Да, мы с Васей уже сиживали в засаде, так оно и было. Он считает, что ночь — самая безопасная пора, если днем не засветил лежку и ничем не обнаруживаешь своего присутствия. Поэтому с наступлением темноты дрыхнет. Все равно, говорит, ты спать не сможешь, «труситься» будешь. И точно — не сплю, всю ночь боюсь. Кажется, что кто-то ползет, шорохи повсюду какие-то левые...
...Утром доктор ляжет спать,
А я буду сгущ сосать!
— Ну ты акын!
— Не понял... Куда?
— Не куда, а где. В казахской степи. Это такой степной менестрель, поэт, то бишь. Творит в сугубо утилитарном аспекте. То есть, что вижу, про то и пою. Типа: еду на коне, зад чешется, небо, мухи, степь...
— Да сам ты такой... О!
— Что еще?
— Концовка! Пришло вдруг...
— Типа — накатило?
— Ну да. Знаешь, как озарение...
— Да ну тебя на фиг с твоим озарением! Обещал лирику, асам...

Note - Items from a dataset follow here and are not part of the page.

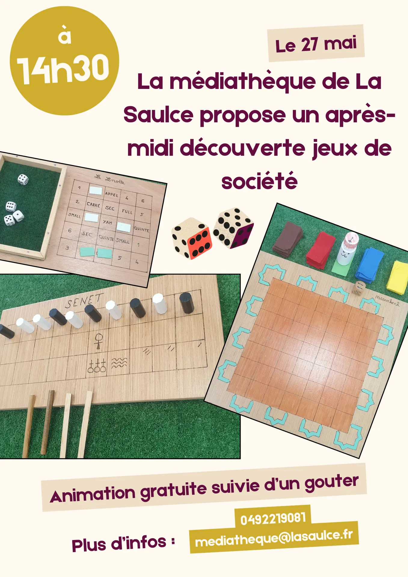 Différents jeux seront présents ainsi qu'un animateur afin de vous faire découvrir des jeux originaux, comme par exemple le jeu égyptien "Senet" ou encore "La Linotte".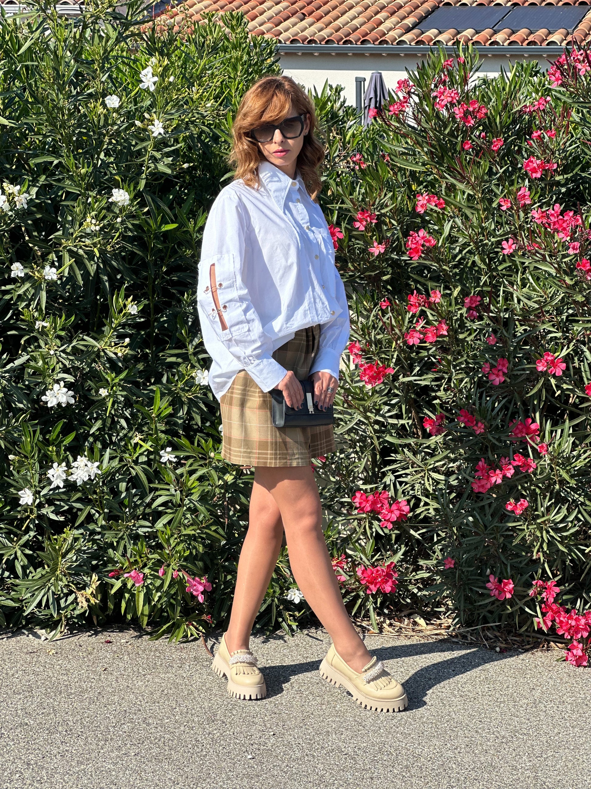 Jolie mini-jupe à carreaux en tissu tartan, léger et confortable, idéale pour un look chic et décontracté. Coupe droite, parfaite pour toutes les occasions.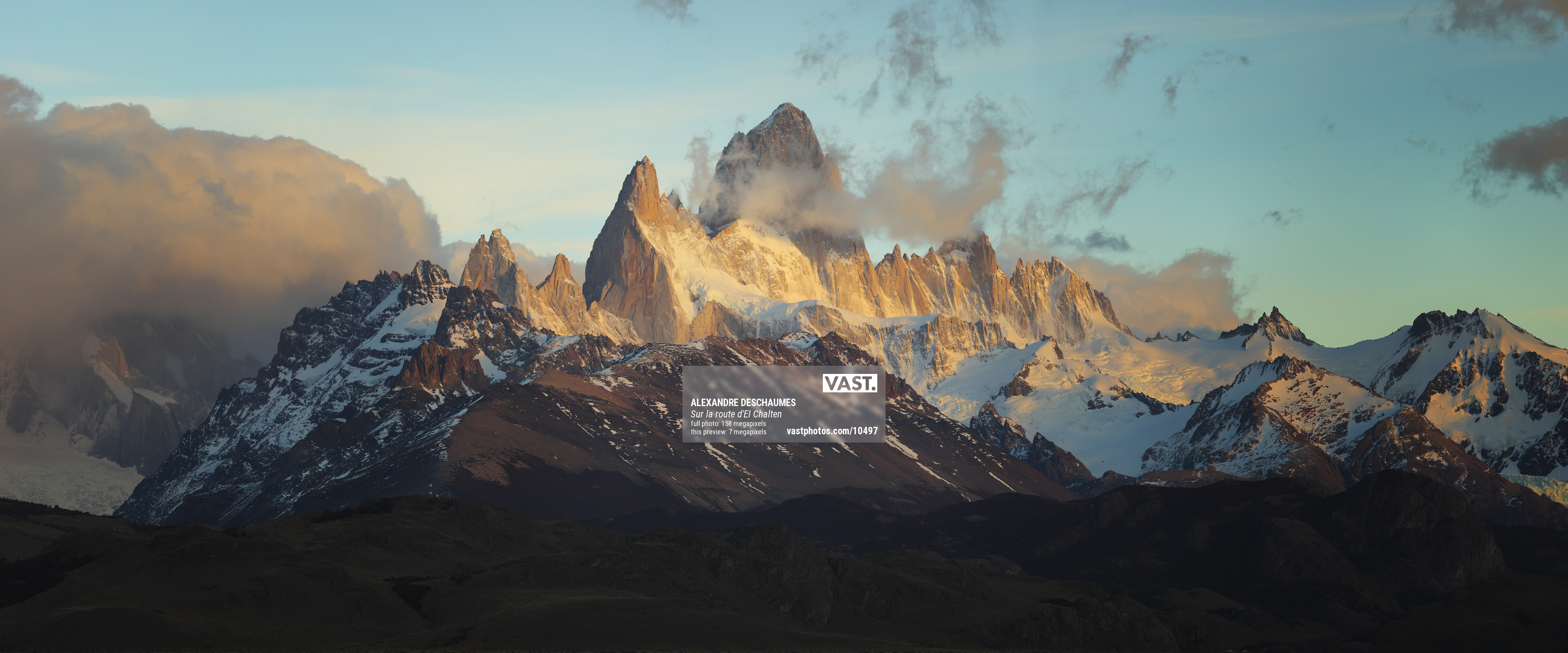 Early morning on the road to El Chalten, Argentina, Patagonia. The sun is rising just on the fortress peaks and here I like the gentle mix of soft light and shadows bringing the atmosphere.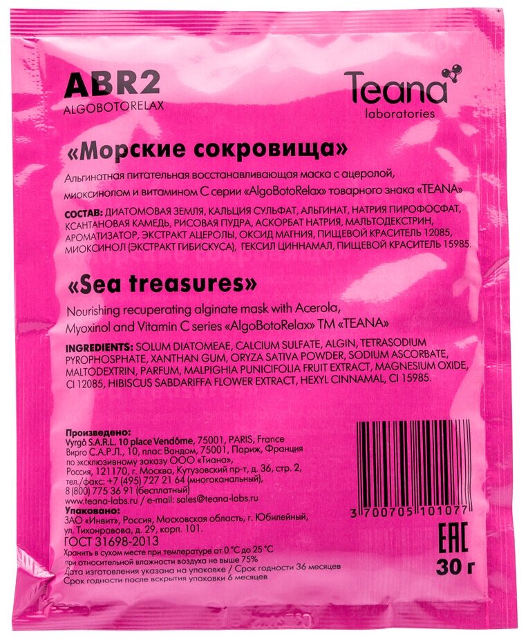 Teana Альгинатная Восстанавливающая маска «Морские сокровища» 30х5 гр (Teana ) (TEAABR2)
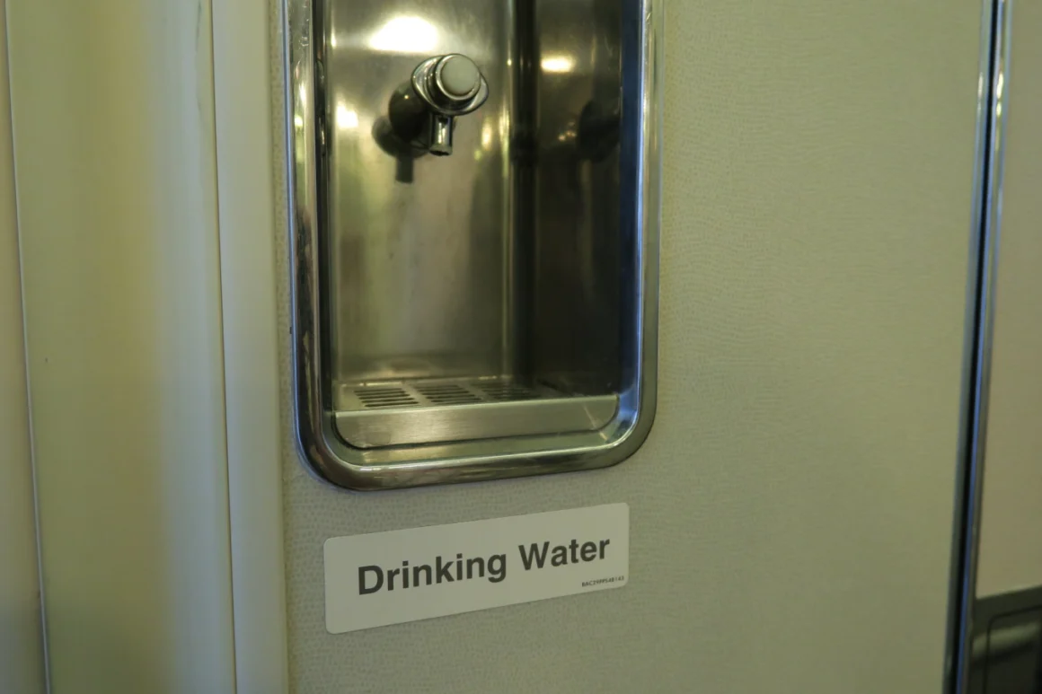 Whether there’s a water dispenser varies by airplane model and era.

— Да вот концовка — как раз лирика. Это про завтра, типа, как худший вариант. Мы же должны учитывать худший? Должны. Вот, слушай:
...Если нас не сменят к ночи,
Ловкий Вася жрать захочет.
Очень грустный он сидит
И в пустой рюкзак глядит.
Приходи к нам, моджахед,
Званым гостем на обед.
Мы наделаем котлет и рулет,
Отдадим родне скелет...
Гхм... Вот и все.
— Да, Вася...
— Рулет — это не который из теста, — аппетитно сглотнув слюну, уточнил Вася. — Знаешь, бывают такие мясные рулеты, но не в армии. На «гражданке» их жрут...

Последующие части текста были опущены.